**Task prompt:**
Below this line is a set of entries; quote exactly the lines from the line that contains "- label : 0" to the line that contains "A North Rockland", both lines included.

[[ The data, beginning ]]

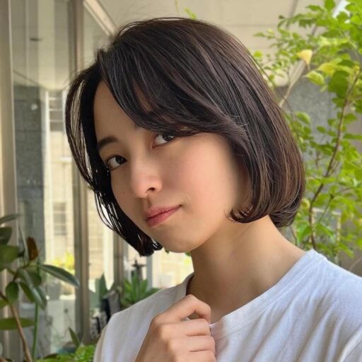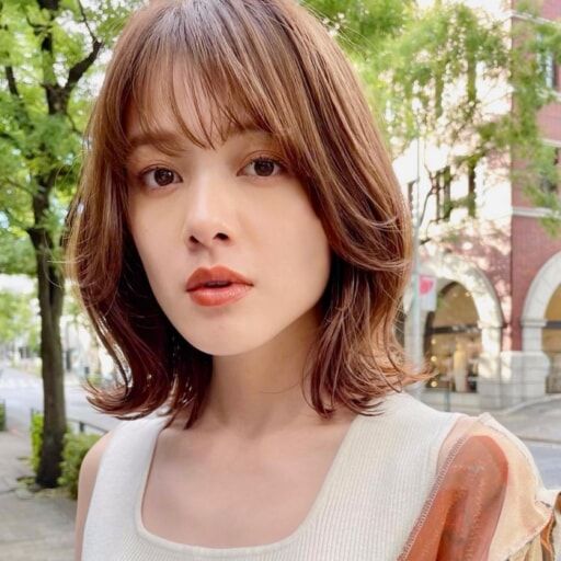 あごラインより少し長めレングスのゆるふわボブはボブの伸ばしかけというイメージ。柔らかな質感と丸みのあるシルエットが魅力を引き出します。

[[ The data, end ]]
[[ The data, beginning ]]

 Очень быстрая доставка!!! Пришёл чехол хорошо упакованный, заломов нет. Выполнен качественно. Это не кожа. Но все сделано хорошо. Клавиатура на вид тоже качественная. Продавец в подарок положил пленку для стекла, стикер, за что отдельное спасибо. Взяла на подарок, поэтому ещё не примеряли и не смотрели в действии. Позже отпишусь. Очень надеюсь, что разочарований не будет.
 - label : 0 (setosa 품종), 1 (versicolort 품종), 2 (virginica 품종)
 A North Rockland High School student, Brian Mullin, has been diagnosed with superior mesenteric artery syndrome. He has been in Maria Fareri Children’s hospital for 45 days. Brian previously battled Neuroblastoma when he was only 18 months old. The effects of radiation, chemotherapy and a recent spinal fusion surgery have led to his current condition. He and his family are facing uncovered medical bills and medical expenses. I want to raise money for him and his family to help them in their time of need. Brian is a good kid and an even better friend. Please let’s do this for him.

[[ The data, end ]]

**Exercise answer:**
 - label : 0 (setosa 품종), 1 (versicolort 품종), 2 (virginica 품종)
 A North Rockland High School student, Brian Mullin, has been diagnosed with superior mesenteric artery syndrome. He has been in Maria Fareri Children’s hospital for 45 days. Brian previously battled Neuroblastoma when he was only 18 months old. The effects of radiation, chemotherapy and a recent spinal fusion surgery have led to his current condition. He and his family are facing uncovered medical bills and medical expenses. I want to raise money for him and his family to help them in their time of need. Brian is a good kid and an even better friend. Please let’s do this for him.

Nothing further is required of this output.